ACTION ITEM
The result should be an exact copy of the entries below, free of pictures.

DATASET

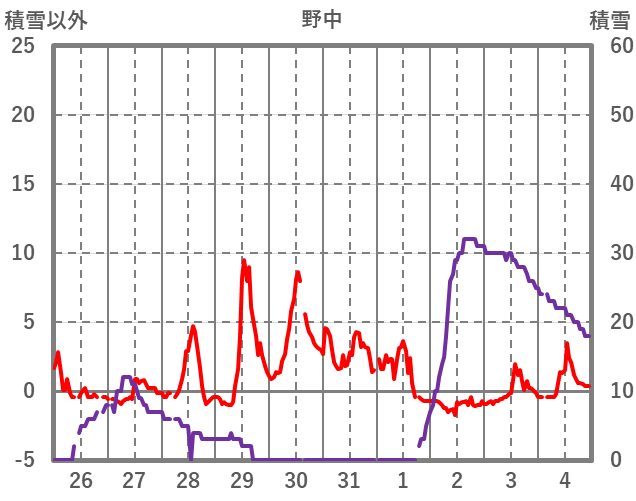 | 日 | 時 | 気温 | 降水 | 風向/風速 | 日照 | 積雪 | 降雪 |
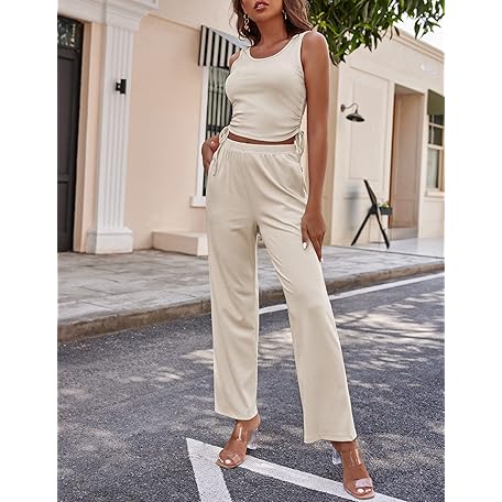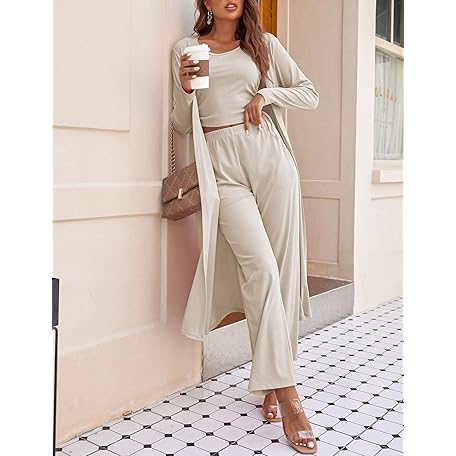 • Ekouaer Women's 3 Piece Lounge Set Pajama Long Sleeve Cardigan Sleeveless Top Pants Sweatsuit S-XXL
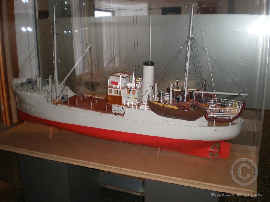 Eldborg, líkan smíðað af Grími Karlssyni. Gefendur: Gunnar Ólafsson fyrrv. skipstjóri og Sigvaldi Arason í Borgarnesi með aðstoð ýmissra kostunaðaraðila. Í ágúst 2008 gáfu þeir líkan af Eldborginni, sem var gerð út frá Borgarnesi í meira en tvo áratugi og á sér því mikilvægan sess í atvinnusögu héraðsins. Í maí 2009 gáfu þeir líkan af Hvítánni, í febrúar 2010 líkan af Hafborginni og í desember 2011 líkön af Laxfossi og Akraborg. Ath. gripurinn er ekki merktur að öðru leyti en að nafn skipsins er tilgreint.
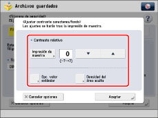 El área del interior del marco de la impresión de muestra es una muestra del resultado para el valor de contraste relativo establecido actualmente.
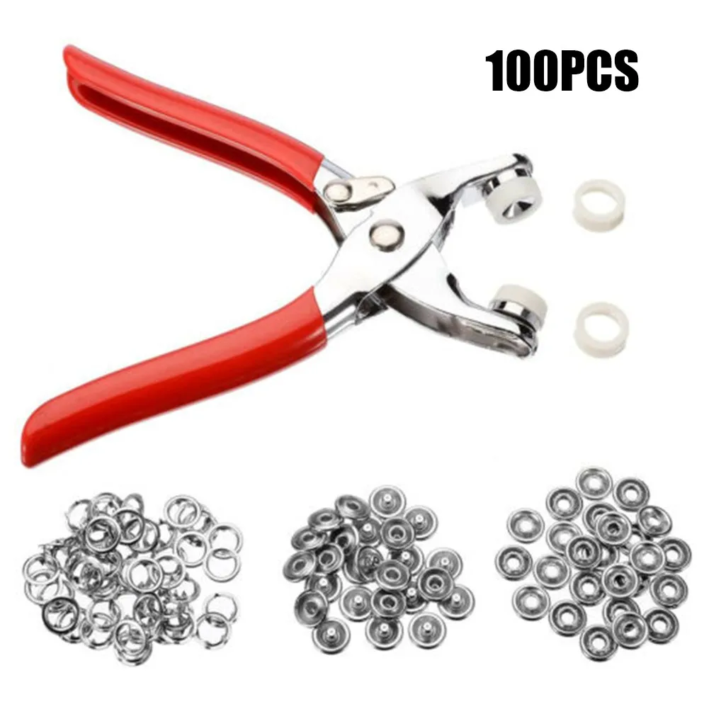 100PCS Snap Pliers Tool Prong Pliers Ring Press Studs Snap Popper Fasteners 9.5mm DIY Hand Tool Kit Baby Clothes Snap Pliers

SOLUTION FOR THIS PROBLEM
 | 日 | 時 | 気温 | 降水 | 風向/風速 | 日照 | 積雪 | 降雪 |
 • Ekouaer Women's 3 Piece Lounge Set Pajama Long Sleeve Cardigan Sleeveless Top Pants Sweatsuit S-XXL
 Eldborg, líkan smíðað af Grími Karlssyni. Gefendur: Gunnar Ólafsson fyrrv. skipstjóri og Sigvaldi Arason í Borgarnesi með aðstoð ýmissra kostunaðaraðila. Í ágúst 2008 gáfu þeir líkan af Eldborginni, sem var gerð út frá Borgarnesi í meira en tvo áratugi og á sér því mikilvægan sess í atvinnusögu héraðsins. Í maí 2009 gáfu þeir líkan af Hvítánni, í febrúar 2010 líkan af Hafborginni og í desember 2011 líkön af Laxfossi og Akraborg. Ath. gripurinn er ekki merktur að öðru leyti en að nafn skipsins er tilgreint.
 El área del interior del marco de la impresión de muestra es una muestra del resultado para el valor de contraste relativo establecido actualmente.
 100PCS Snap Pliers Tool Prong Pliers Ring Press Studs Snap Popper Fasteners 9.5mm DIY Hand Tool Kit Baby Clothes Snap Pliers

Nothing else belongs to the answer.